◆ **Task item**:
Only the lines in the entries below from the line with "HERMES mini kelly二代 进口原厂鳄鱼皮 现货 琥珀黄" to the line with "- Bookcases, Built-in", both included, belong in the answer, transcribed exactly and without pictures.

*** Opening Provided records ***

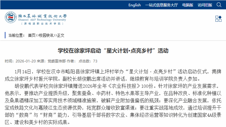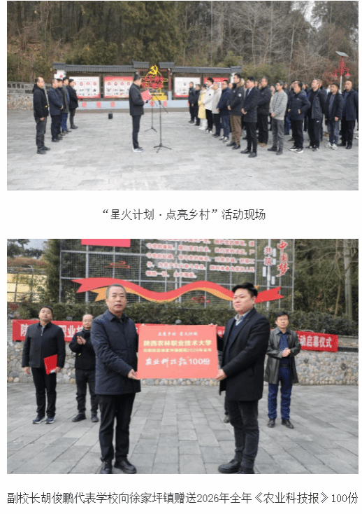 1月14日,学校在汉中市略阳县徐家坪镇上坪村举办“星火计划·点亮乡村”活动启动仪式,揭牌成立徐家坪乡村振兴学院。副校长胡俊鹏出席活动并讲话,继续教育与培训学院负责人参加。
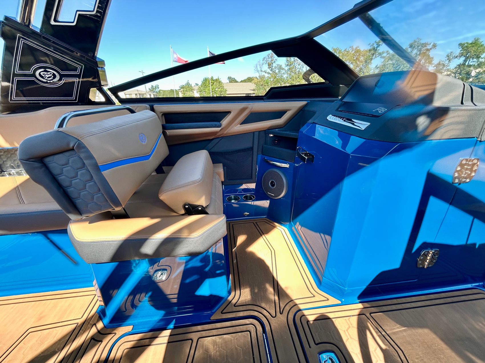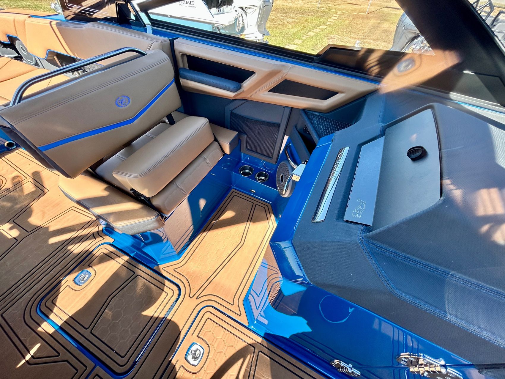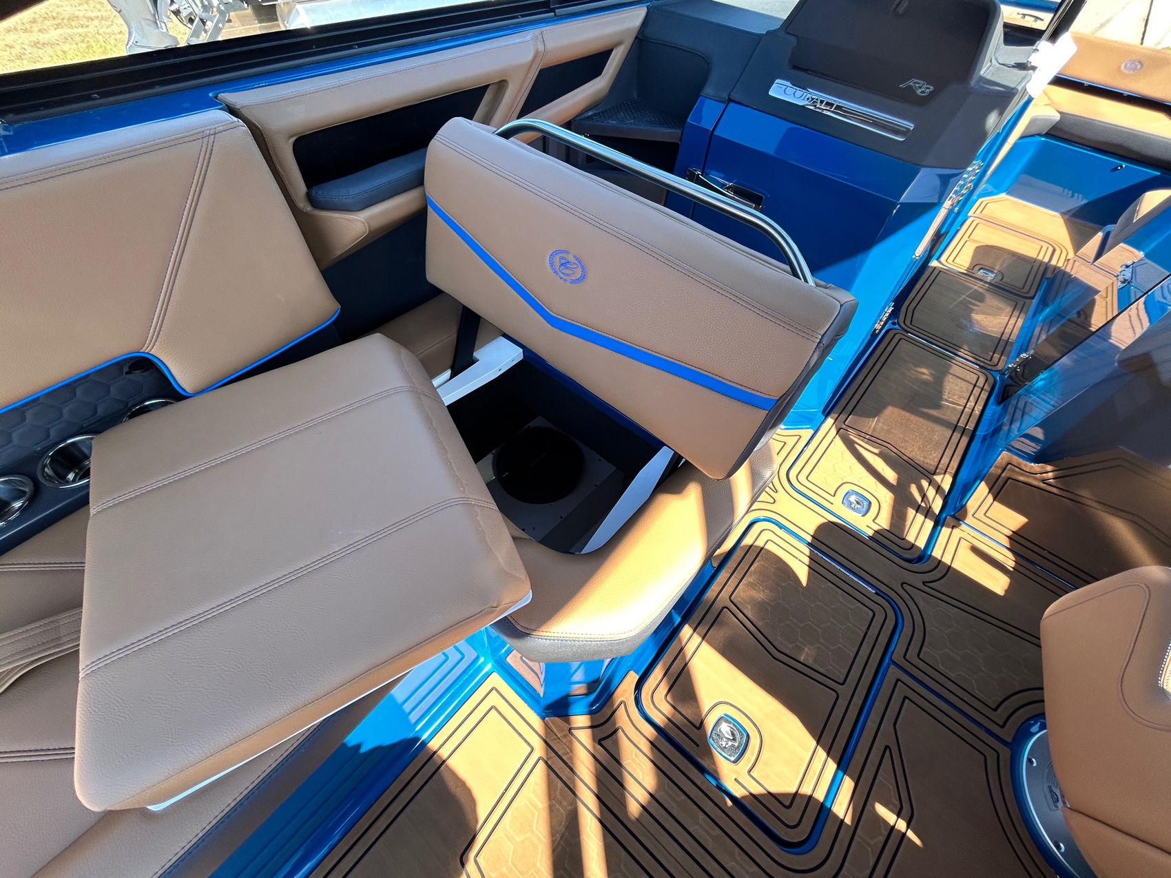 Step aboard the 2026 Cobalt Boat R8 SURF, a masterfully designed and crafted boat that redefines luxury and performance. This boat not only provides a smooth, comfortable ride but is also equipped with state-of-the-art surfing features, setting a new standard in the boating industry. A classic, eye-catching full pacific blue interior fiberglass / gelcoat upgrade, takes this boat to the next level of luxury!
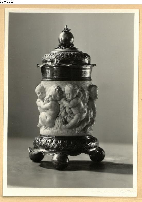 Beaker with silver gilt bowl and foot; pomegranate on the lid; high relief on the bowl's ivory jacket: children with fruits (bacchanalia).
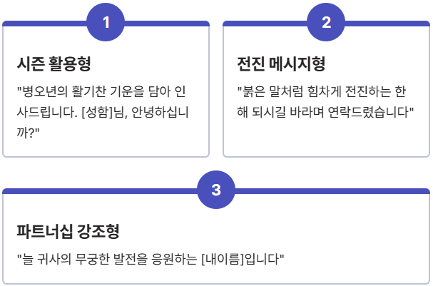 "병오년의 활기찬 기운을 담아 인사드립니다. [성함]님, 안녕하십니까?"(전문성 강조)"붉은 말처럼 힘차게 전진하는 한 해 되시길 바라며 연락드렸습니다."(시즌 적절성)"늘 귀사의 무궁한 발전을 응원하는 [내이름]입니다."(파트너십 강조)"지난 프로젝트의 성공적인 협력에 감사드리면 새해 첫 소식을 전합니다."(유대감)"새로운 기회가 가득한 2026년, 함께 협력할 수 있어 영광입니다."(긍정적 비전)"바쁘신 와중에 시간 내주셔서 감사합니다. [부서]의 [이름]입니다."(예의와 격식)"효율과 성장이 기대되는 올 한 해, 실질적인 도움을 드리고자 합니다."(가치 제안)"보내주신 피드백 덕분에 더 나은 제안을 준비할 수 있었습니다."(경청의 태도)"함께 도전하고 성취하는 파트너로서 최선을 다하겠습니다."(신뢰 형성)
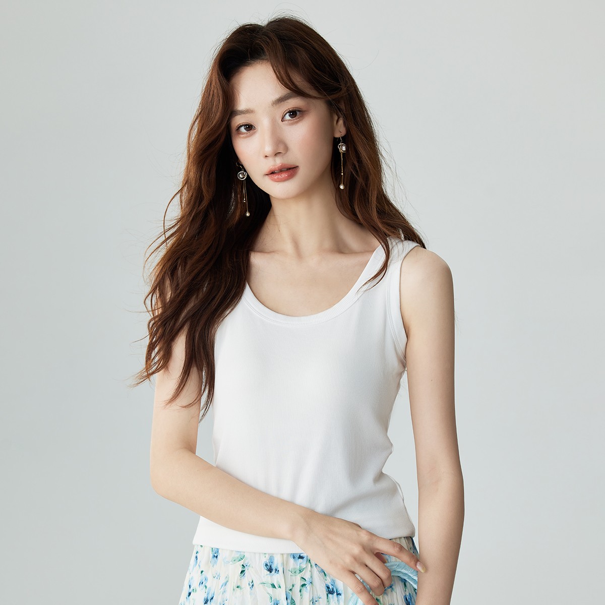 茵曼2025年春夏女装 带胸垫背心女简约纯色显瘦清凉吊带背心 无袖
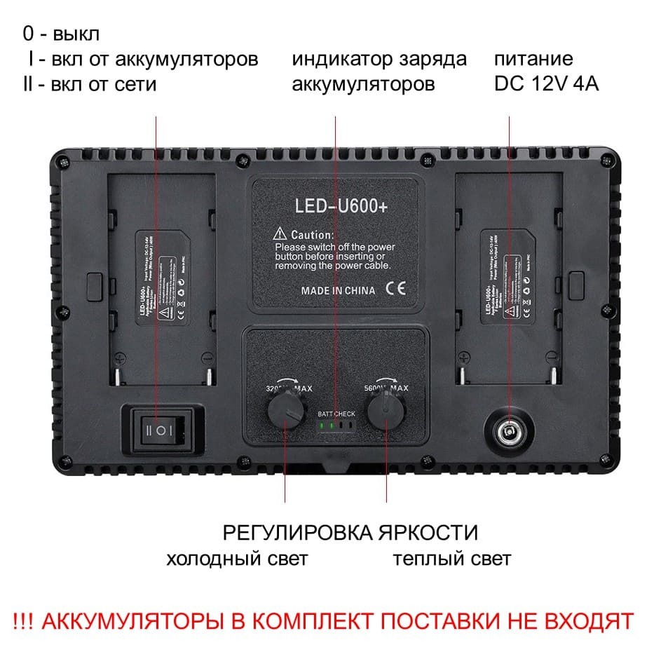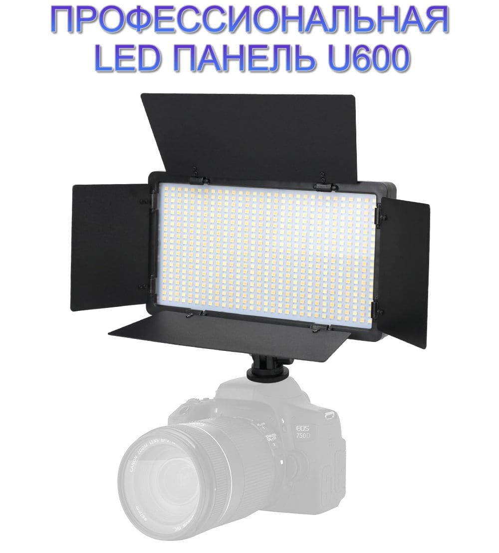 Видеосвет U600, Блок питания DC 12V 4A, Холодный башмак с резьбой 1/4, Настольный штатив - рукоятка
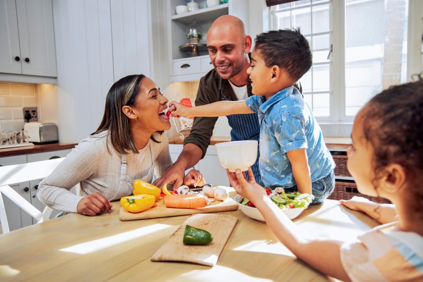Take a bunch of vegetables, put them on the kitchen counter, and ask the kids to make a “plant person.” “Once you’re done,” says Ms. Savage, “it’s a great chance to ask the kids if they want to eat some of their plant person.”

*** Closing Provided records ***
*** Opening Provided records ***

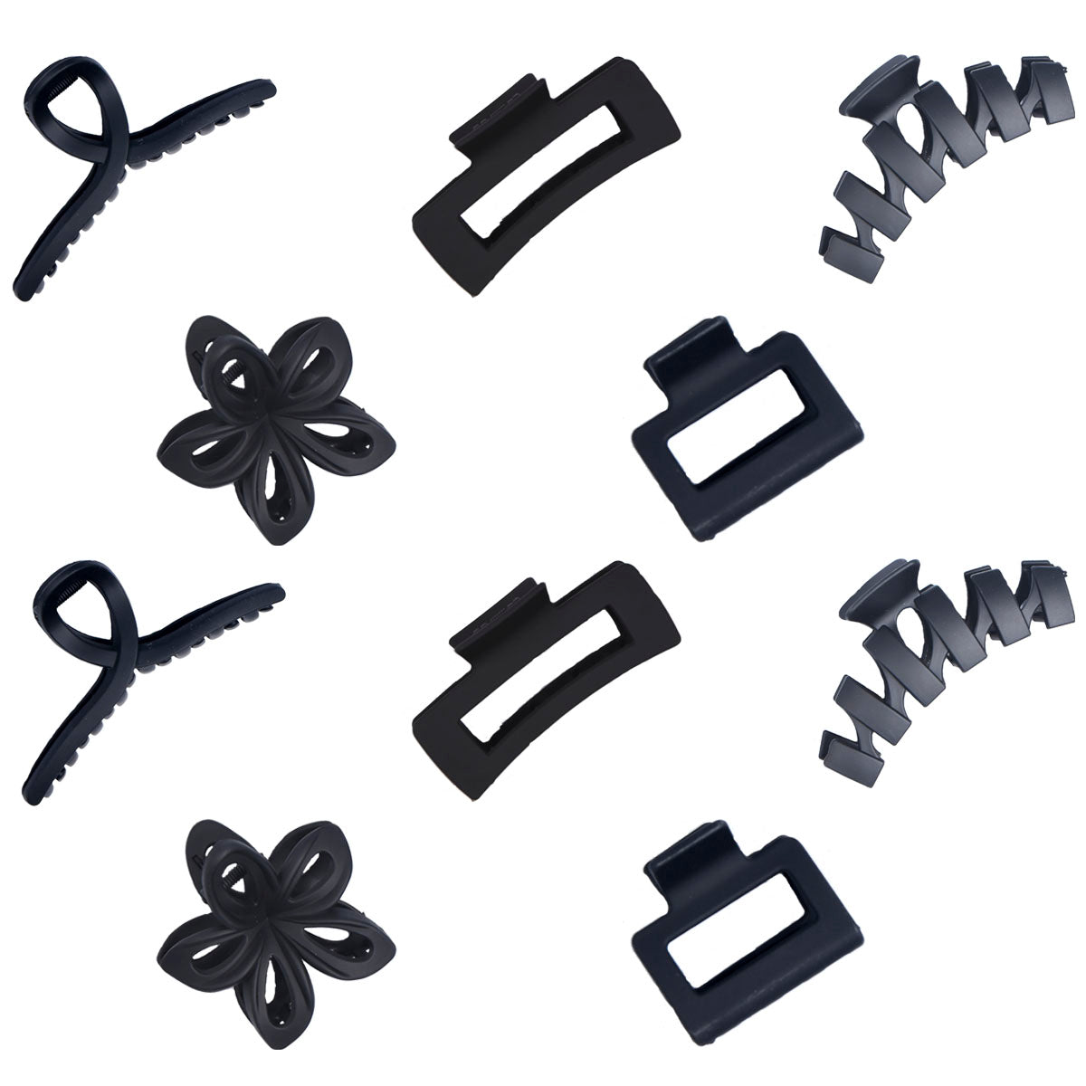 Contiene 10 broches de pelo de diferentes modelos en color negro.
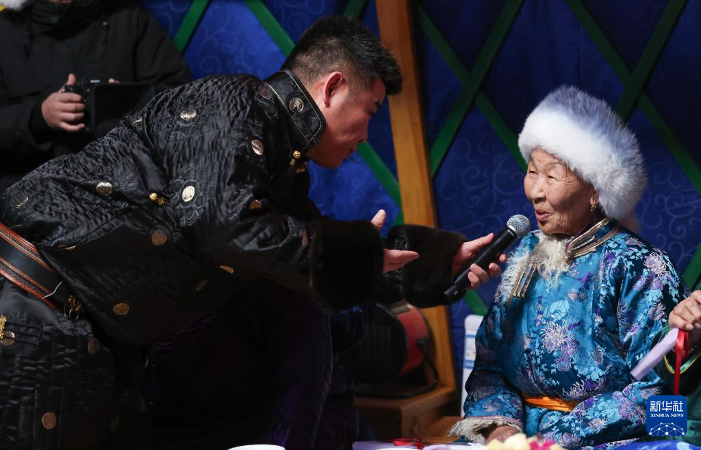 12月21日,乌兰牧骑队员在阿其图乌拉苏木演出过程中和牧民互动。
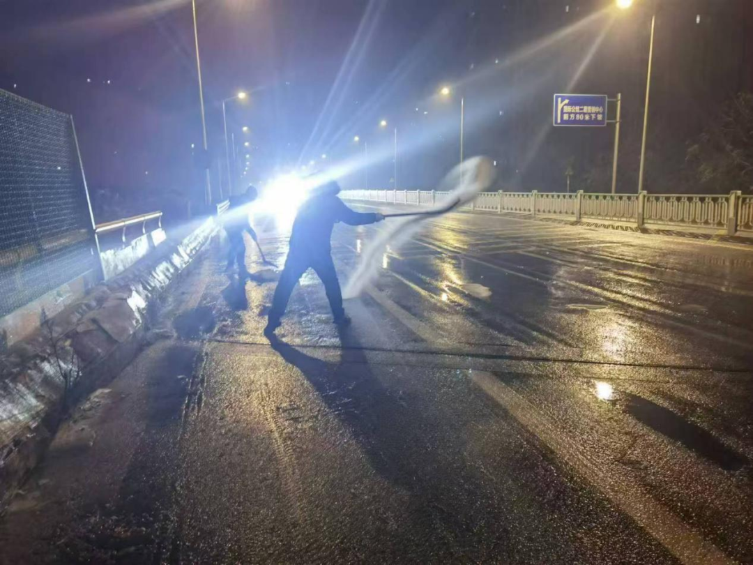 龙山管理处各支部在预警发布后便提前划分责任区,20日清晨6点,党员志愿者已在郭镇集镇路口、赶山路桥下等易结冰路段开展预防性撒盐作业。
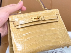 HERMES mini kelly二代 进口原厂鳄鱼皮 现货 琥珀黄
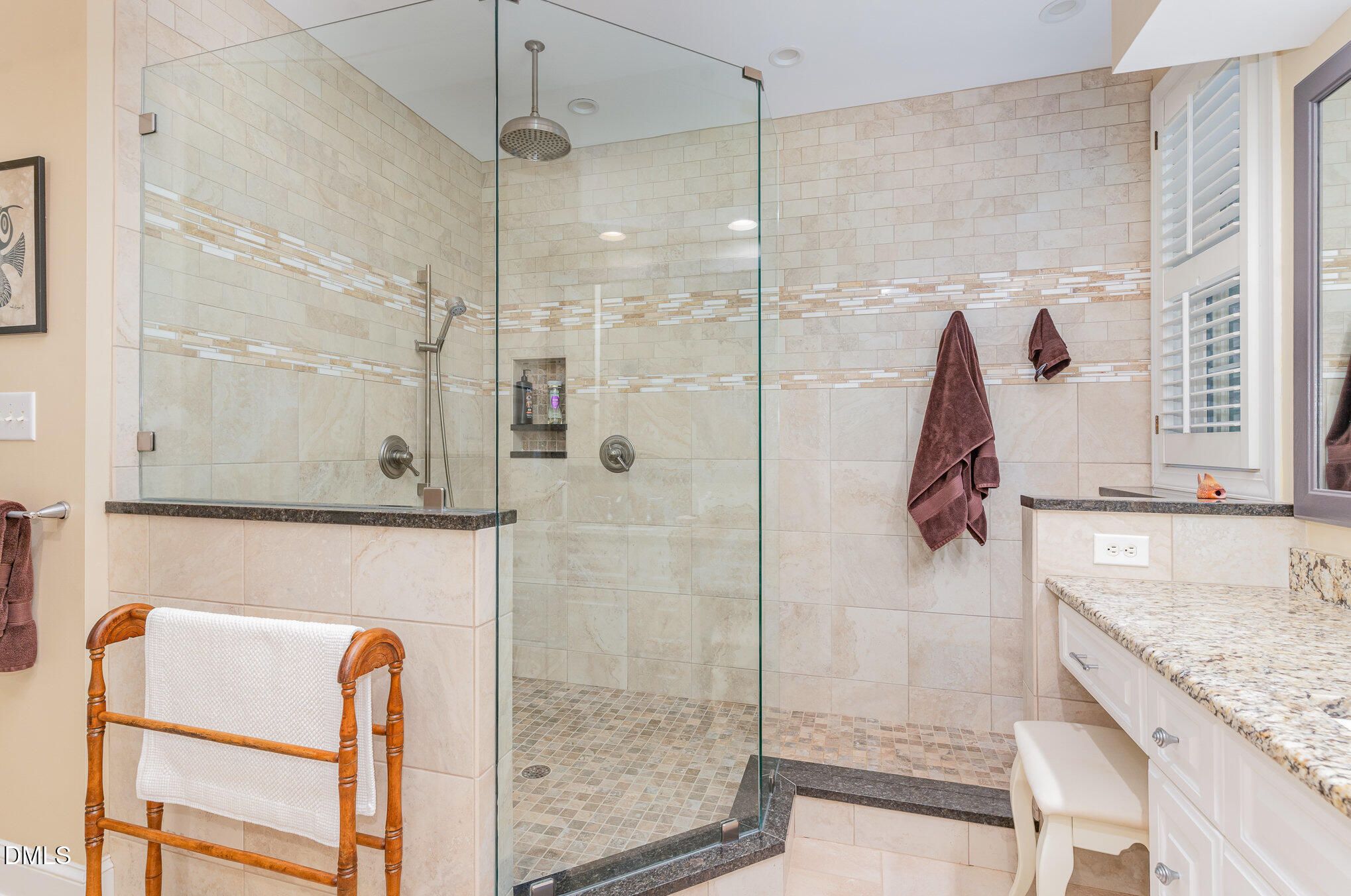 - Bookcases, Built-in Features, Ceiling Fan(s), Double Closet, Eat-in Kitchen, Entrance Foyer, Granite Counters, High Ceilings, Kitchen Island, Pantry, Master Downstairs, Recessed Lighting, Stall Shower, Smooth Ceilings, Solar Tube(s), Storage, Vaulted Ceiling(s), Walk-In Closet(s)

*** Closing Provided records ***
*** Opening Provided records ***

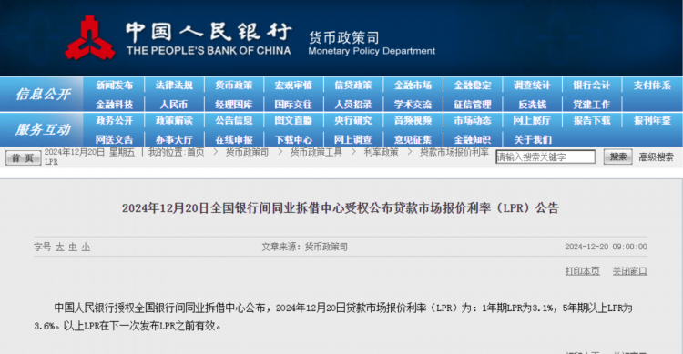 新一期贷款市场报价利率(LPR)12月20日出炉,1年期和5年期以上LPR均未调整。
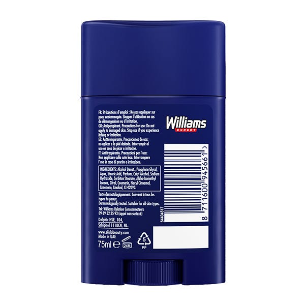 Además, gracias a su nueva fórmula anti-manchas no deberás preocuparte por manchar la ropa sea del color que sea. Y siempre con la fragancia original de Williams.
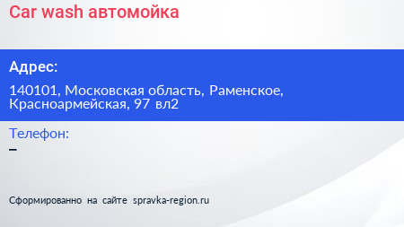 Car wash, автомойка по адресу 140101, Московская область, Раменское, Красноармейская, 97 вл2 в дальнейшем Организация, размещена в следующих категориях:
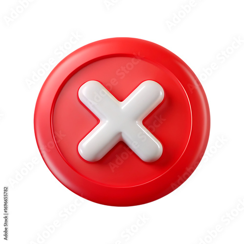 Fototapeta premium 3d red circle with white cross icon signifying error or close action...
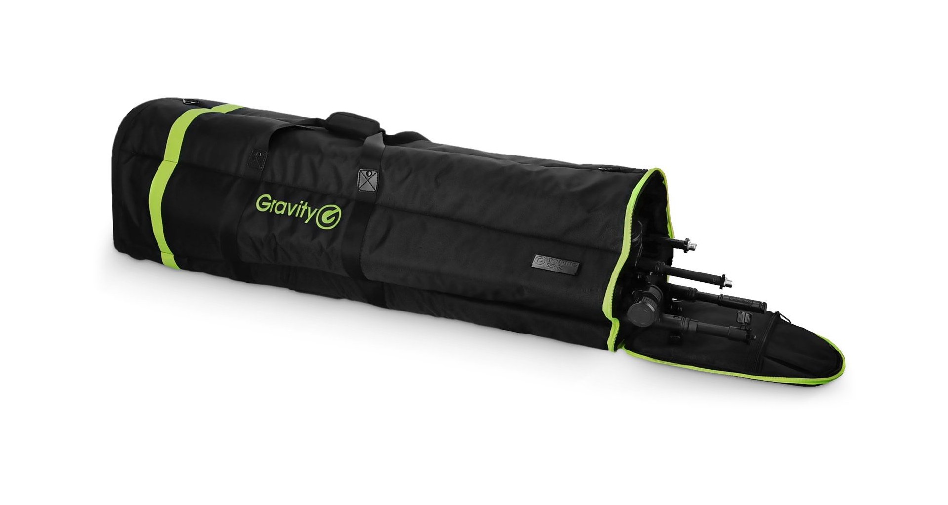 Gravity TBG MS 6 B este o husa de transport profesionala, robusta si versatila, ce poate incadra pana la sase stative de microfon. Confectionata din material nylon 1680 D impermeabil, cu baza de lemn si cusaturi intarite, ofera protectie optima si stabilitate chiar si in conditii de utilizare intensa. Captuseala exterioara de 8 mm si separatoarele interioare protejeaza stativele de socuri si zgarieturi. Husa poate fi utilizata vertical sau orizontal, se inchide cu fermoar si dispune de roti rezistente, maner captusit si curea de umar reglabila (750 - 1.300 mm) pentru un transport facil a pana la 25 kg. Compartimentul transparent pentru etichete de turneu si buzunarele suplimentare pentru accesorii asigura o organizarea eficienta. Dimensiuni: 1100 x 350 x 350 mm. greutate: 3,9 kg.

*** Closing Provided records ***

◆ **Response area**:
 HERMES mini kelly二代 进口原厂鳄鱼皮 现货 琥珀黄
 - Bookcases, Built-in Features, Ceiling Fan(s), Double Closet, Eat-in Kitchen, Entrance Foyer, Granite Counters, High Ceilings, Kitchen Island, Pantry, Master Downstairs, Recessed Lighting, Stall Shower, Smooth Ceilings, Solar Tube(s), Storage, Vaulted Ceiling(s), Walk-In Closet(s)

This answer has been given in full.